A US court has dismissed a lawsuit accusing Prime Minister Narendra Modi of failure to control the 2002 Gujarat riots, saying as a sitting head of government he was entitled to immunity.
In dismissing the case filed by human rights group American Justice Centre (AJC) in New York, US District Judge Analisa Torres upheld the US Department of State’s determination regarding immunity for Modi.
A “sitting head of state’s immunity from jurisdiction is based on the Executive Branch’s determination of official immunity without regard to the specific conduct alleged,” she ruled.
Torres dismissed the plaintiffs’ argument that the Foreign Sovereign Immunities Act provided immunity only to foreign states and not to individual government officials and Modi was not entitled to common law immunity as the alleged acts took place before he became Prime Minister.

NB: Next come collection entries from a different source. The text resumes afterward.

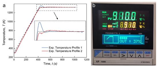 Proportional integral derivative (PID) temperature regulation in an SPS device: (a) the sintering temperature profiles and (b) the user interface of the PID temperature regulation.
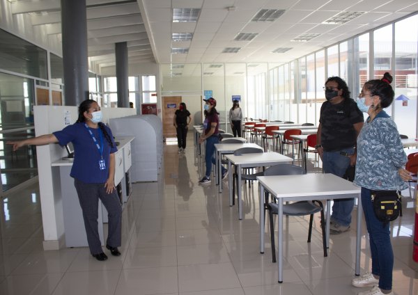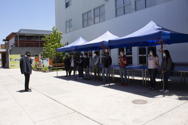 Cumpliendo un estricto protocolo salud, los/as jóvenes recorrieron algunos espacios de la universidad, instancia que les permitió compartir con sus compañeros e interiorizarse de las formas de funcionamiento y los servicios de la UCEN.
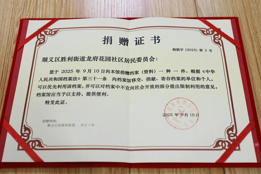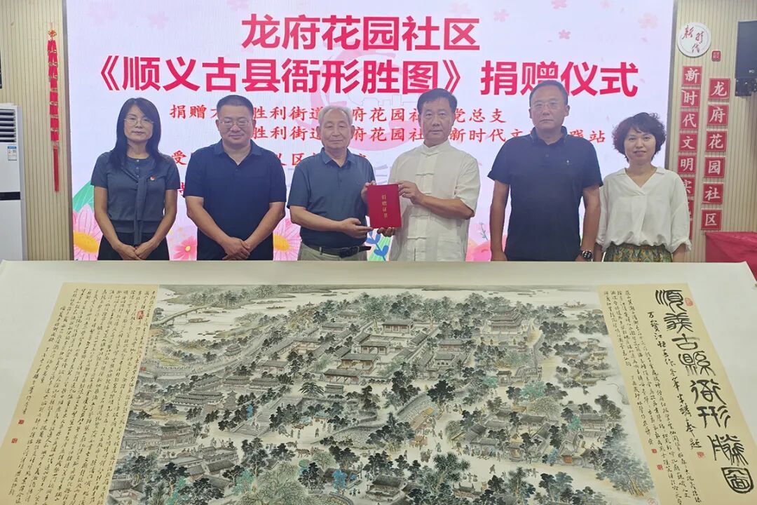 为推进历史文化资源保护传承、促进文化档案资源共建共享,胜利街道龙府花园社区向区档案馆捐赠《顺义古县衙形胜图》。捐赠仪式上,社区工作人员将《顺义古县衙形胜图》交到区档案馆工作人员手中,为“城市记忆”找到了新归宿。
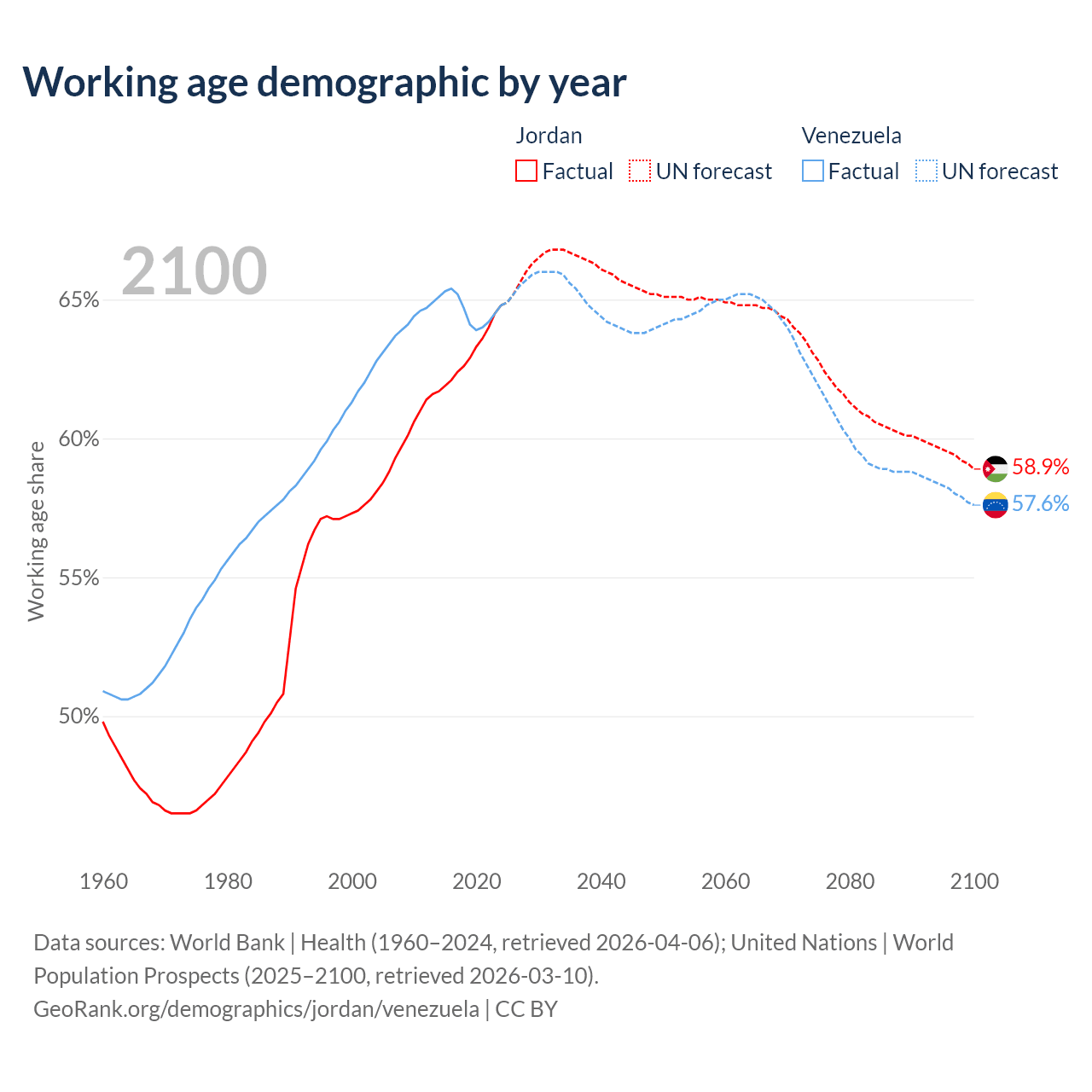 - Jordan has 7.49M working age adults (aged 15-64) vs 18.6M in Venezuela.

AJC filed the lawsuit against Modi under the Torture Victim Protection Act of 1991 and Alien Tort Statute in September on the eve of his first visit to the US.
The dismissal of the case comes ahead of President Barack Obama’s second trip to India to be the chief guest at India’s Republic Day celebrations.
The lawsuit alleged Modi did nothing to control riots in his home state of Gujarat in 2002. Though Indian courts have cleared Modi, the allegations led the US to revoke his US visa in 2005.
But Obama overturned the ban by quickly inviting Modi to the USafter Modi’s election as prime minister.